One may question the generalizability of our study, as the cohort was based upon Norwegian nurses, most of them being female. The results are still likely to be valid for all Norwegian nurses, as the study was based upon a sample of the total population in this country. However, the results might be different in other occupational groups. Also, the results may not be valid for other countries, as working conditions and e.g., smoking regulations are different from country to country. In terms of smoking decline, there has since 1998 been a legal protection from exposure to smoking in workplaces in Norway, only allowing smoking in separate smoking rooms (49). Norway, like all Scandinavian countries, is a welfare state and has well-organized and regulated work environments with relatively few working hours in a full-time equivalent work week (35.5–37.5 h), which may limit generalizability. Another limitation concerning the measure of alcohol habits in the present study was that we only had complete and accurate data for a subgroup of the nurses. If this subgroup is not representative of the whole cohort population, this may thus limit generalizability. The AUDIT-C is a validated screening tool with 3 questions about potential alcohol misuse. A limitation is that while the two first questions address frequency and volume, we do not have exact information about daily or weekly alcohol consumption, for example units/week. The data may, thus, fail to detect nuances and changes in lighter or normal alcohol consumption habits which could be of importance. One of the inclusion criteria in the SUSSH cohort was that nurses had to hold at least a 50% full time equivalent working position. Still, there will be variations in their weekly hours. This could be a limitation, especially for working schedules which do not account for this. However, it should also be noted that many nurses with smaller permanent positions work extra shifts which are not accounted for in the data. Concerning NN and QR exposure, these parameters are reported as a continuous parameter and should thus reflect the nurses' actual exposure.

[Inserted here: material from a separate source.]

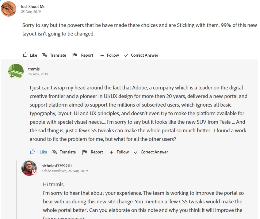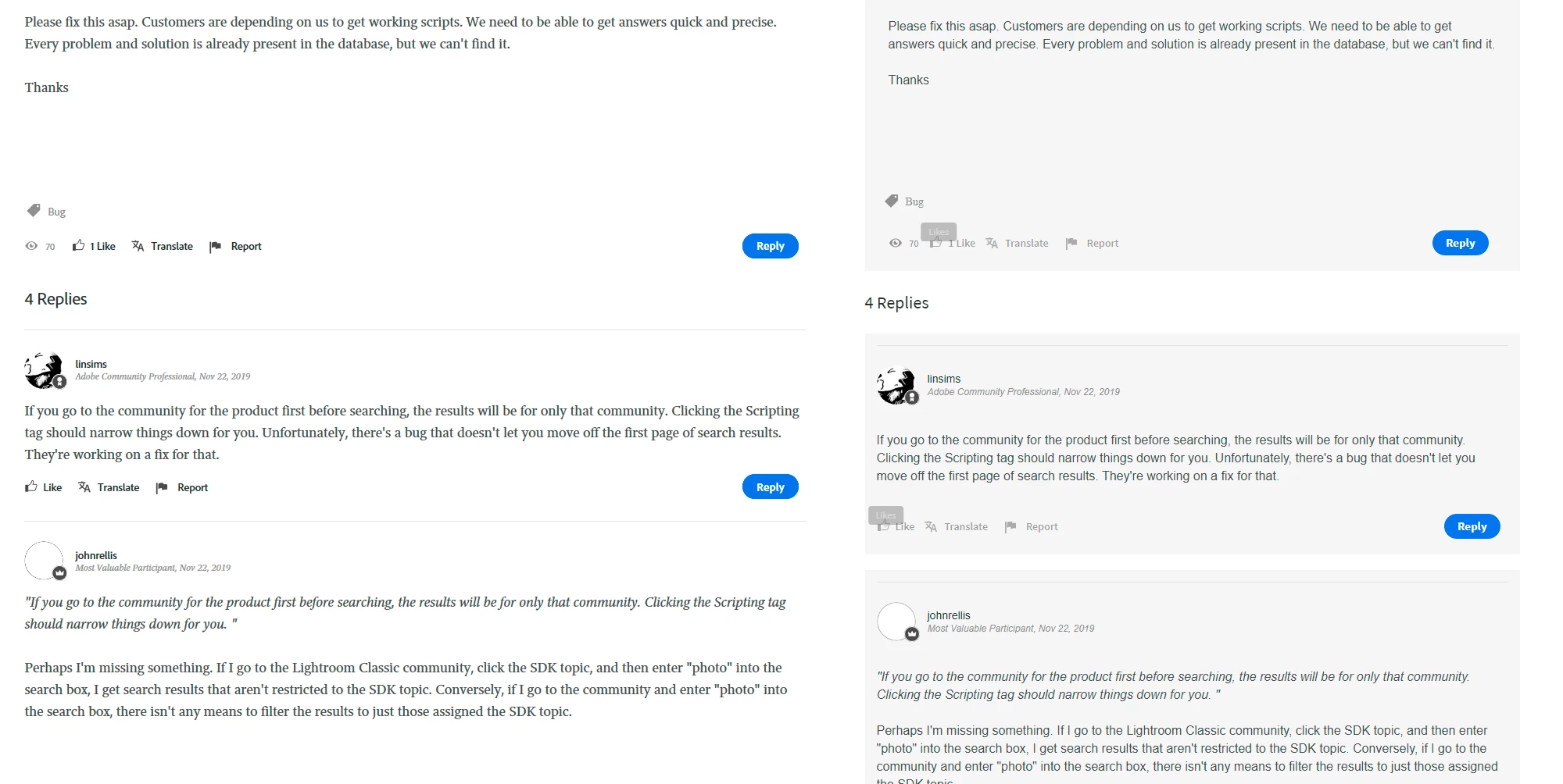 Could you please consider tweaking the layout of the post page? Because the entire page has a white background, including all posts and almost all replies, it becomes very difficult the distinguish different posts. Also the serif font makes it very hard to read the content of the page.

In this cohort, many of the nurses changed their work schedule away from night work (n = 355). Another study found that between 8 and 35%, depending on their type of shift work, changed to day work during a 6-year follow-up (50). The selection biases within shift work could be seen as a “healthy worker effect”: It is more likely that healthy workers tend to choose and stay in a challenging work schedule (22). This could potentially underestimate the real effect of shift work on lifestyle factors trajectories. Another potential for underestimation of the true effects is misclassification bias. Härmä et al. when comparing self-reported data to objective registry data, found that for those who reported working shift work without night shifts there was a low sensitivity (62%) due to the fact that many nurses worked nights but did not report this (50). The authors concluded that this exposure misclassification was likely to bias results. Misclassification bias could be present in our study and could be a source of underestimation of true effects.
Our study had a low initial response rate, but a high response rate at follow-up. A review by Baruch et al. suggested that most study populations have a response rate about 53 ± 20% (1 SD from the mean response rate) (51). The low response rate in the first wave might have resulted in a skewed sample, but this is of less importance in the present study where we looked at changes over time.
We did not find any differences in relation to different work schedules, different exposure to QR, or different exposure to NN concerning exercise, caffeine consumption, smoking prevalence, and alcohol consumption in this 6-year follow-up study. This suggests that shift work may not affect lifestyle factors adversely and challenges the notion that shift work has an adverse impact on lifestyle factors. More prospective studies are needed to verify our findings.
Data Availability Statement
The anonymized data supporting the conclusions of this manuscript will be made available by the authors, without undue reservation, to any qualified researcher.
HB: design of the study, data analysis, interpretation of the results, drafting the paper. SP, SW, BM, and BB: collecting the data, design of the study, interpretation of the results, critical review of the paper. All authors have approved the final manuscript.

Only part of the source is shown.